Jacek Siewiera w swoim wystąpieniu podczas otwarcia tegorocznego Warsaw Security Forum przypomniał, że w ostatnim czasie uwaga kraju skoncentrowana była na powodzi. Jak zauważył szef BBN, w tym kataklizmie testowana jest odporność państwa, ale – jak dodał – takie zdarzenia nie mogą być usprawiedliwieniem dla stracenia skupienia na zagrożeniu ze strony Rosji.
– Klęsk żywiołowych, katastrof, napięć politycznych, konfliktów będzie jeszcze wiele, ale to nie może stanowić usprawiedliwienia, byśmy stracili ostrość widzenia, byśmy zgubili fokus na najważniejsze egzystencjonalne zagrożenie, jakie przychodzi ze Wschodu.
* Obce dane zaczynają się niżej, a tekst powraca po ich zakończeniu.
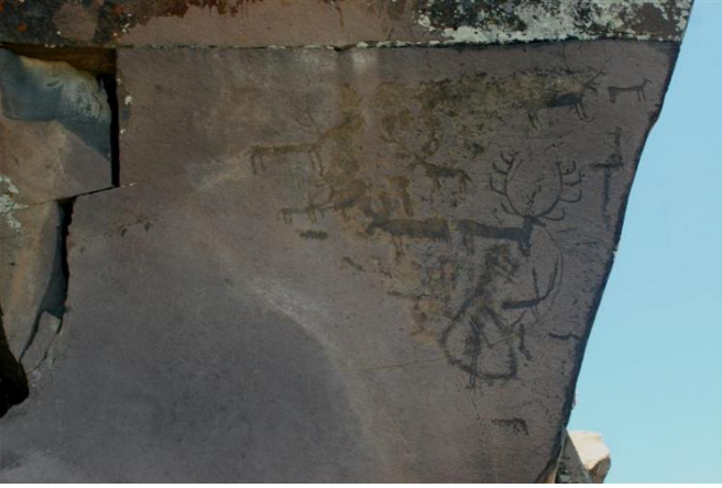
Camuřlu Köyü- Yazılıkaya Küçük Pano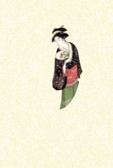
左：鳥文斎栄之《青楼美人六花仙 松葉や若菜》 大判錦絵 寛政6年(1794)頃 大英博物館蔵 The British Museum, 1945,1101,0,24 右：鳥文斎栄之《松竹梅三美人》 大判錦絵 寛政4-5年(1792-93)頃 ポストン美術館蔵 Museum of Fine Arts, Boston, William Sturgis Bigelow Collection 11.14079

鳥文斎栄之 (ちょうぶんさい・えいし 1756-1829)は、旗本出身という異色の出自をもち、美人画のみならず幅広い画題で人気を得た浮世絵師です。浮世絵の黄金期とも称される天明～寛政期(1781-1801)に、同時代の喜多川歌麿(?-1806)と拮抗して活躍しました。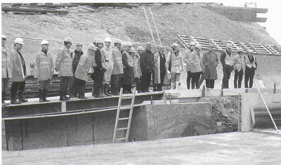
Baustelle der Bahn 2000 Zürich-Thalwil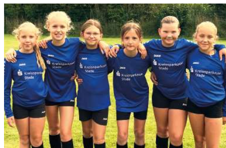
SV Düdenbüttel - 6. Platz.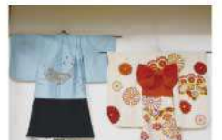
毎年飾られる七五三の着物

Ani Komisja Europejska, ani Sojusz Północnoatlantycki nie mogą stracić ostrości widzenia zagrożenia rosyjskim imperializmem – bez względu na zagrożenia, z jakimi mamy do czynienia – mówił Jacek Siewiera.
Szef BBN zaznaczył, że decydując się m.in. na rekordowe wydatki na obronność, wysłaliśmy nasze państwo ,,na siłownię”, a ,,karnet musi obejmować dekady”. Minister powiedział też, że przed nami są kolejne kroki: nadanie nowej architektury polskiej armii oraz ukształtowanie nowego systemu kierowania i dowodzenia, nad którym prace nadal trwają. Jacek Siewiera wskazał, że powódź pokazuje, gdzie jeszcze mamy dużo do zrobienia.